I’ve been working on L2 infrastructure for 6 years now, and the 2025 revenue numbers from Base have me genuinely conflicted about where Ethereum’s scaling roadmap is heading.
The Numbers Are Staggering
Base captured $75.4 million in revenue in 2025—that’s 62% of the entire $120.7 million generated by all Layer 2 networks combined. Let that sink in for a moment. One rollup, owned by a centralized exchange, is generating nearly two-thirds of all L2 revenue.
The growth metrics are even more dramatic:
- 30x year-over-year revenue growth
- $4.63 billion in DeFi TVL (46% of the entire L2 market)
- ~50% of all DEX volume among L2s throughout 2025
- Aerodrome alone generated $160.5 million (43% of Base’s total app revenue)

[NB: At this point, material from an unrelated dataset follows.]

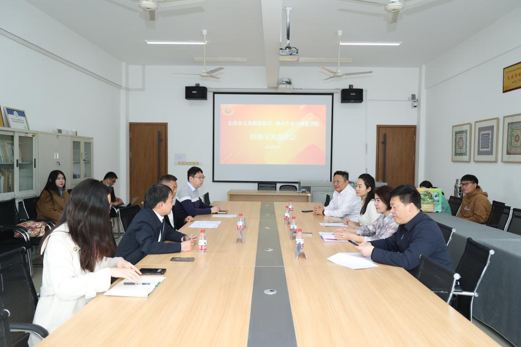 4月10日,东营市文化和旅游局来我校城市艺术与创意学院调研交流,举行校地合作座谈会,东营市文化和旅游局党组成员、副局长阿娜古·吐鲁普,东营市文化活动中心副主任李奎斌,东营市文化和旅游局宣传推广科科长、东营文旅推介官吴婷,城市艺术与创意学院党总支负责人、团总支相关人员参加。

- Morpho’s TVL on Base: 1,906% YoY growth ($48.2M → $966.4M)
When I worked at Polygon and Optimism, we obsessed over performance metrics—transaction throughput, gas costs, finality times. But Base’s dominance isn’t coming from superior technical performance. It’s coming from distribution.

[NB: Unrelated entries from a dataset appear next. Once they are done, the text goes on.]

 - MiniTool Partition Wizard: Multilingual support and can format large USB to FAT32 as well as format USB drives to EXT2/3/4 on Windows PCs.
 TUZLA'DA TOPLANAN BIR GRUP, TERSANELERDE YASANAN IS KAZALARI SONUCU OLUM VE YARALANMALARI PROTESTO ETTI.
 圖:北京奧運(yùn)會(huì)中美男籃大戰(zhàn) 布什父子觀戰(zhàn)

The Coinbase Moat Nobody Can Replicate
Here’s what Base has that Arbitrum, Optimism, zkSync, and every other permissionless L2 can’t match: direct access to 9.3 million monthly active Coinbase users.
The onboarding flow is frictionless:
- User already has funds on Coinbase
- Click “Bridge to Base”
- Funds appear on Base L2 in under 60 seconds
- No separate wallet setup, no seed phrases, no bridge risk education
Compare that to bridging to Arbitrum or Optimism:
- Download MetaMask
- Understand seed phrase security
- Buy ETH on exchange
- Withdraw to self-custody wallet
- Research bridge safety
- Wait for bridge finality
- Pay gas fees twice (L1 → bridge, bridge → L2)

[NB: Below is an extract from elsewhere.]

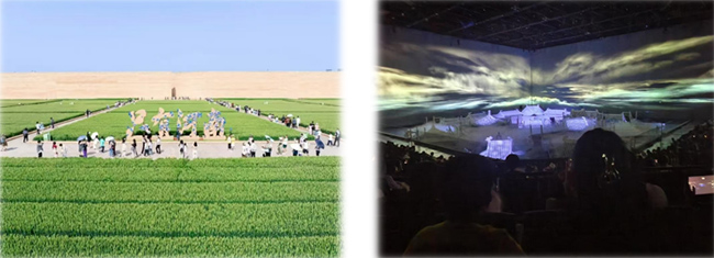 圖 7 隊(duì)員們與佛像合影                                     圖 8 隊(duì)員們在“官渡之戰(zhàn)”場景復(fù)原區(qū)前駐足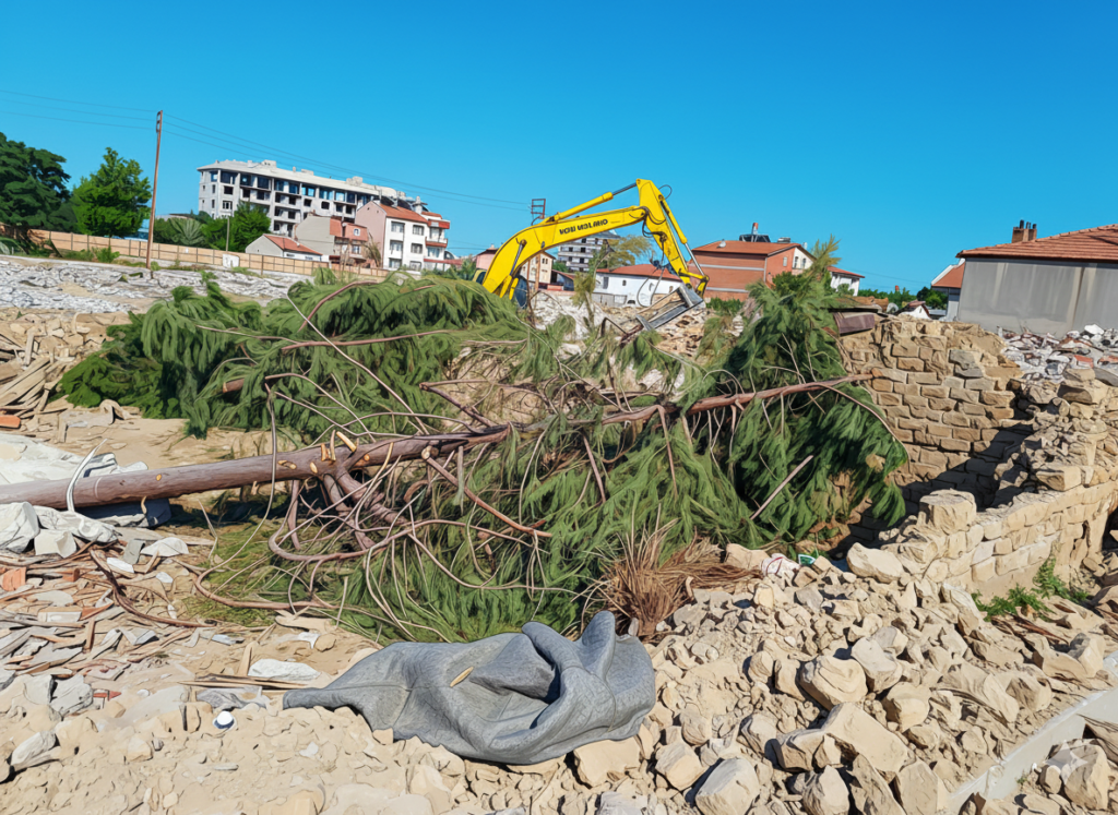 Konya’da, toplu imara açılan bahçeli evlerin önündeki çamların dozerlerle sökülüp atıldığını görüyoruz (çektiğim bir fotoğrafı aşağıya alıyorum).

For the average user, Base removes six friction points that kill crypto adoption. From a UX perspective, it’s brilliant. From a decentralization perspective, it’s terrifying.
Stage 1 Decentralization Isn’t Enough
To Base’s credit, they hit Stage 1 decentralization in April 2025 with permissionless fault proofs and a security council. That’s meaningful progress compared to many L2s still running trusted operators.
But Coinbase still runs the only sequencer. They control transaction ordering. They can theoretically censor transactions. Yes, users can force inclusion via L1, but realistically, how many retail users even understand that escape hatch exists?
The roadmap mentions “third-party sequencers in the future,” but when? And even if they decentralize sequencing, the distribution moat remains. Coinbase will always have the easiest onramp.
Are We Building a Winner-Take-Most L2 Market?
Here’s what keeps me up at night: What happens to permissionless L2s if one exchange-owned chain captures all the users and liquidity?
When Aerodrome generates $160.5 million in revenue on Base, liquidity providers notice. When Morpho’s TVL grows 19x on Base, DeFi protocols notice. The network effects are brutal:
- Developers build where the users are → Base
- Liquidity flows where the developers are → Base
- Users go where the liquidity is → Base
Arbitrum and Optimism are still generating revenue ($23M and $15M respectively in 2025), but that gap is widening. Can they sustain long-term development competing against a chain with a built-in user funnel?
The Uncomfortable Question
I spent years believing Ethereum’s L2-centric roadmap would lead to a diverse, permissionless scaling ecosystem. Multiple rollups competing on performance, UX, and innovation.
Instead, we might be heading toward:
- One dominant CEX-owned L2 (Base) capturing retail users
- A few specialized L2s (Arbitrum for DeFi power users, zkSync for privacy-focused apps)
- Dozens of failed L2s that couldn’t solve distribution
Is this still the Ethereum we were building? Where users have meaningful choice? Where permissionless innovation can compete against entrenched platforms?
Or have we just recreated the traditional tech playbook—where distribution moats beat better technology, and the company with the biggest user base wins?
I don’t have answers. But watching Base capture 62% of L2 revenue while running a centralized sequencer and relying entirely on Coinbase’s brand… it makes me wonder if we’re solving Ethereum’s scalability at the cost of its decentralization ethos.
What do you all think? Am I overthinking this? Or is this exactly the centralization risk we should have seen coming?